This option does *not* apply to `UrlChecker`.
### `options.excludedSchemes`
Type: `Array`
Default value: `["data","geo","javascript","mailto","sms","tel"]`
Will not check or output links with schemes/protocols mentioned in this list. This avoids the output of "Invalid URL" errors with links that cannot be checked.
This option does *not* apply to `UrlChecker`.
### `options.excludeExternalLinks`
Type: `Boolean`
Default value: `false`
Will not check or output external links when `true`; relative links with a remote `<base>` included.
This option does *not* apply to `UrlChecker`.
### `options.excludeInternalLinks`
Type: `Boolean`
Default value: `false`
Will not check or output internal links when `true`.
This option does *not* apply to `UrlChecker` nor `SiteChecker`'s *crawler*.
### `options.excludeLinksToSamePage`
Type: `Boolean`
Default value: `true`
Will not check or output links to the same page; relative and absolute fragments/hashes included.

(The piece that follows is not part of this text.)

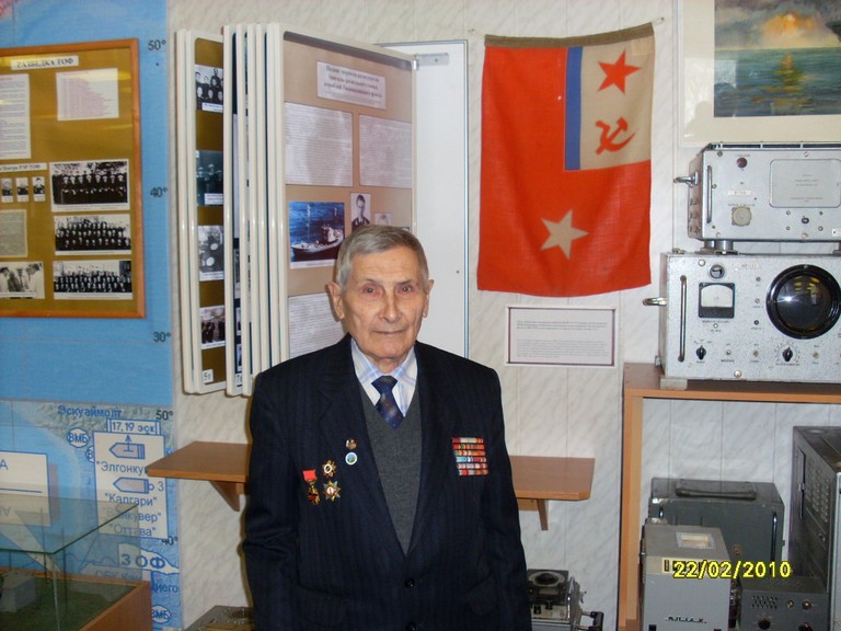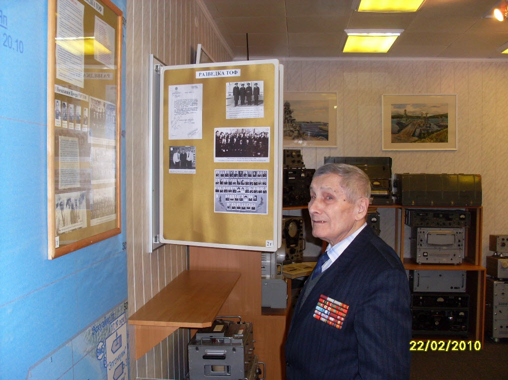 Первый командир 38 бригады кораблей ОСНАЗ ТОФ капитан 1 ранга в/о Лукаш Д.Т. в музее ЦМРО у стендов РЭР Тихоокеанского флота. |

This option does *not* apply to `UrlChecker`.
### `options.filterLevel`
Type: `Number`
Default value: `1`
The tags and attributes that are considered links for checking, split into the following levels:
* `0`: clickable links
* `1`: clickable links, media, iframes, meta refreshes
* `2`: clickable links, media, iframes, meta refreshes, stylesheets, scripts, forms
* `3`: clickable links, media, iframes, meta refreshes, stylesheets, scripts, forms, metadata
Recursive links have a slightly different filter subset. To see the exact breakdown of both, check out the [tag map](https://github.com/stevenvachon/broken-link-checker/blob/master/lib/internal/tags.js). `<base>` is not listed because it is not a link, though it is always parsed.

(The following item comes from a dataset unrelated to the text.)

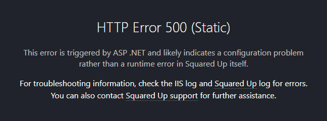 "This error is triggered by ASP.NET and likely indicated a configuration problem rather than a runtime error in SquaredUp itself"

This option does *not* apply to `UrlChecker`.
### `options.honorRobotExclusions`
Type: `Boolean`
Default value: `true`
Will not scan pages that search engine crawlers would not follow. Such will have been specified with any of the following:
* `<a rel="nofollow" href="…">`
* `<area rel="nofollow" href="…">`
* `<meta name="robots" content="noindex,nofollow,…">`
* `<meta name="googlebot" content="noindex,nofollow,…">`
* `<meta name="robots" content="unavailable_after: …">`
* `X-Robots-Tag: noindex,nofollow,…`
* `X-Robots-Tag: googlebot: noindex,nofollow,…`
* `X-Robots-Tag: otherbot: noindex,nofollow,…`
* `X-Robots-Tag: unavailable_after: …`
* robots.txt
This option does *not* apply to `UrlChecker`.
### `options.maxSockets`
Type: `Number`
Default value: `Infinity`
The maximum number of links to check at any given time.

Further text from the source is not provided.